> _EXERCISE DESCRIPTION_: Your answer is to be the exact text of the lines from the one containing "Flower-shaped cookie decorated" through the final line of the entries, restated in full, with pictures omitted.

> _RECORDS_:
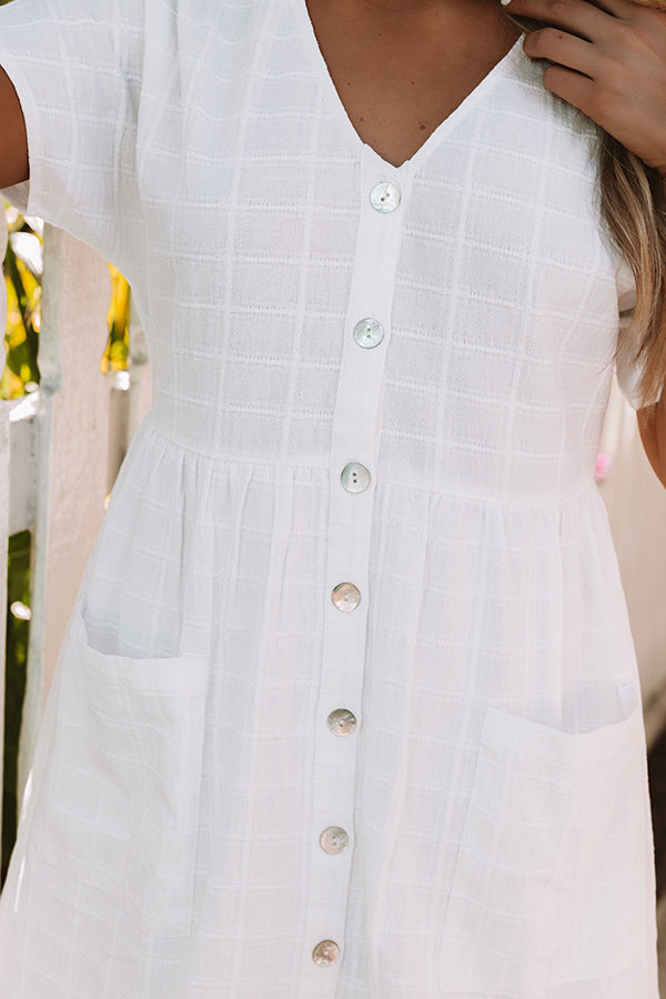You'll feel as free as the ocean in our adorable white "Grayton Beach" tunic dress featuring lightweight breezy material patterned with subtle checkered texturing, a v-cut neckline, short loose sleeves, a button down front with low accent side pockets, and a relaxed silhouette that falls into a straight mid-thigh length hemline! We have styled this cutie with some clear wedges and a straw hat, but you can also wear it with "The Tipton Espadrille in Grey," our "Spanish Coast Fringe Crossbody in Grey," and our "Poolside In Panama Sunnies in Silver!" Measurements
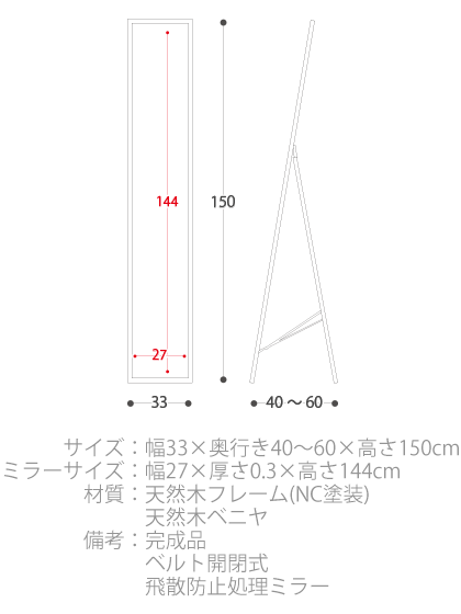 サイズ: 幅33×奥行き40〜60×高さ150cm ミラーサイズ: 幅27×厚さ0.3×高さ144cm 材質: 天然木フレーム(NC塗装)、天然木ベニヤ 備考: 完成品、ベルト開閉式、飛散防止処理ミラー
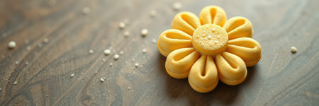 Flower-shaped cookie decorated with sugar placed on a wooden table with flour scattered around
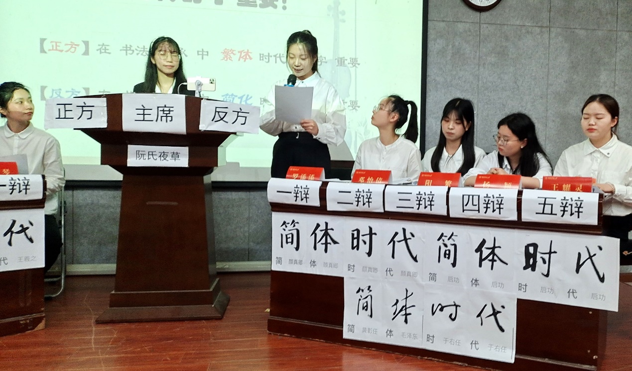 语言学辩论赛是suncitygroup太阳成集团一个具有专业特色的校园文化品牌,以往都是本科生和研究生联手挑选辩手,这次则打破常规赛制出现10位辩手,专业内的全体研究生上阵,人人得到锻炼。本次辩论的题目是“在书法传承中繁体时代的字还是简化时代的字重要”。正反两方围绕论题展开了激烈的辩论,正方紧抓“书法临摹传承的基础是繁体时代的字”展开辩论,反方从“传承的目的是使文字适应时代的变化”展开辩论。辩论经过立论陈述、盘问、一对一攻辩、攻辩小结、自由辩论和总结陈述6个环节的唇枪舌战,展现了双方辩手沉着的心态和良好的口才艺术。评委打分期间,文艺学硕士生罗蓝平演唱了声援正方的歌曲《红玫瑰》,来自刚果布的硕士生高翔演唱了声援反方的歌曲《感恩的心》。现场互动频繁,气氛热烈。
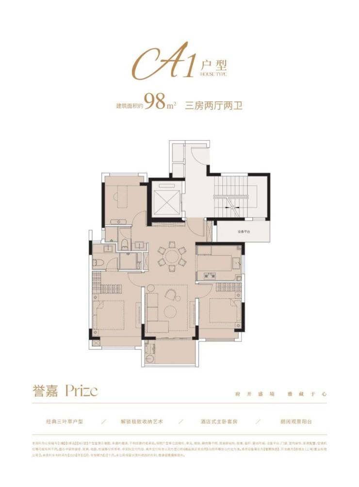 在售户型:82㎡两房/98-120㎡三房/141-144㎡四房(均为一梯两户纯洋房)

> _EXERCISE ANSWER_:
 Flower-shaped cookie decorated with sugar placed on a wooden table with flour scattered around
 语言学辩论赛是suncitygroup太阳成集团一个具有专业特色的校园文化品牌,以往都是本科生和研究生联手挑选辩手,这次则打破常规赛制出现10位辩手,专业内的全体研究生上阵,人人得到锻炼。本次辩论的题目是“在书法传承中繁体时代的字还是简化时代的字重要”。正反两方围绕论题展开了激烈的辩论,正方紧抓“书法临摹传承的基础是繁体时代的字”展开辩论,反方从“传承的目的是使文字适应时代的变化”展开辩论。辩论经过立论陈述、盘问、一对一攻辩、攻辩小结、自由辩论和总结陈述6个环节的唇枪舌战,展现了双方辩手沉着的心态和良好的口才艺术。评委打分期间,文艺学硕士生罗蓝平演唱了声援正方的歌曲《红玫瑰》,来自刚果布的硕士生高翔演唱了声援反方的歌曲《感恩的心》。现场互动频繁,气氛热烈。
 在售户型:82㎡两房/98-120㎡三房/141-144㎡四房(均为一梯两户纯洋房)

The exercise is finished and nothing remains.